Assignment -> Would you reproduce exactly, and only, the lines starting at the one with "陈立婧对张旭坤一行表示热烈欢" and ending at the last line of the data, with both included? Leave the pictures out.

Data ->
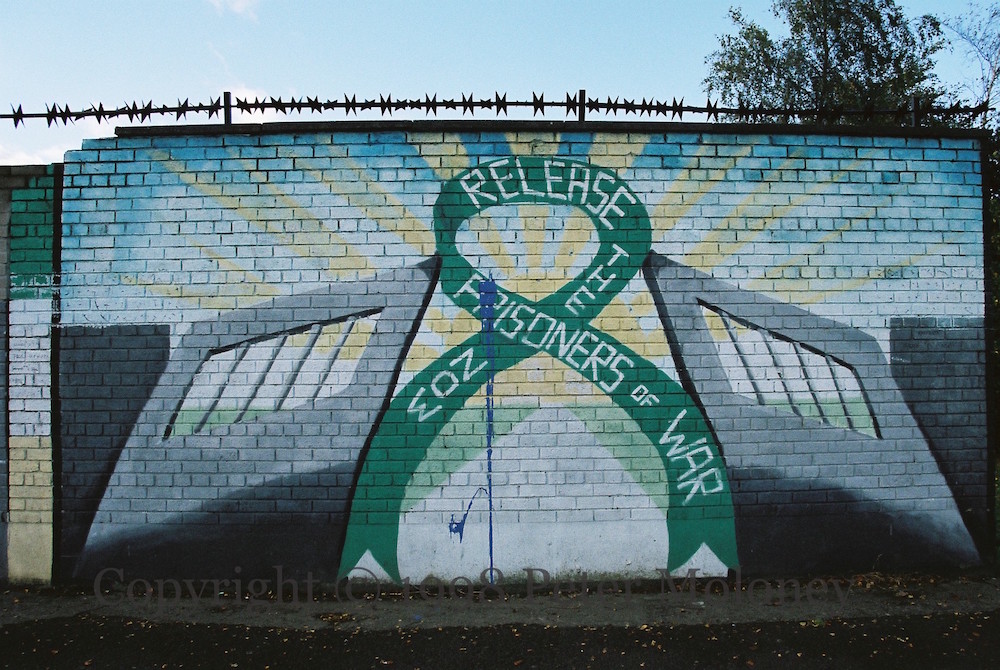 “Release The Prisoners Of War Now”. Racecourse Road, Derry.
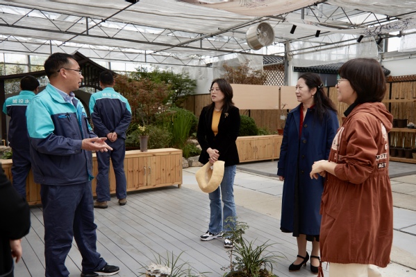 陈立婧对张旭坤一行表示热烈欢迎,希望校企双方进一步加强合作,共同服务黄浦江上游金泽生态水源地系统建设。富剑文介绍了实训基地服务教学和社会的基本情况,张微微交流了植科系在植物育种、种苗培育、园艺产品生产、植物配置等方面的特色。
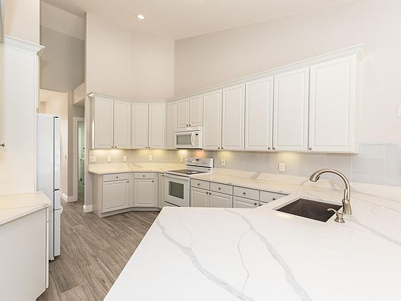 Panoramic lake views from this remodeled 3 bedroom 3 bath home + office + hobby room on a spacious 1+ acre corner estate lot.New white quartz counter tops in the kitchen. Partially remodeled bathrooms. Beautiful tile floors that look like wood. Spacious 3 car garage. All new baseboards, toilets & light fixtures. All new LED hi-hat lights. New $30,000 roof installed Dec. 2017. Vaulted ceilings. Screened and heated over-sized pool. Finished garage floor. One Ac replaced 8/2015 and one in 10/2017. Pool heater replaced 2015 and pool pump in 2017

Reply ->
 陈立婧对张旭坤一行表示热烈欢迎,希望校企双方进一步加强合作,共同服务黄浦江上游金泽生态水源地系统建设。富剑文介绍了实训基地服务教学和社会的基本情况,张微微交流了植科系在植物育种、种苗培育、园艺产品生产、植物配置等方面的特色。
 Panoramic lake views from this remodeled 3 bedroom 3 bath home + office + hobby room on a spacious 1+ acre corner estate lot.New white quartz counter tops in the kitchen. Partially remodeled bathrooms. Beautiful tile floors that look like wood. Spacious 3 car garage. All new baseboards, toilets & light fixtures. All new LED hi-hat lights. New $30,000 roof installed Dec. 2017. Vaulted ceilings. Screened and heated over-sized pool. Finished garage floor. One Ac replaced 8/2015 and one in 10/2017. Pool heater replaced 2015 and pool pump in 2017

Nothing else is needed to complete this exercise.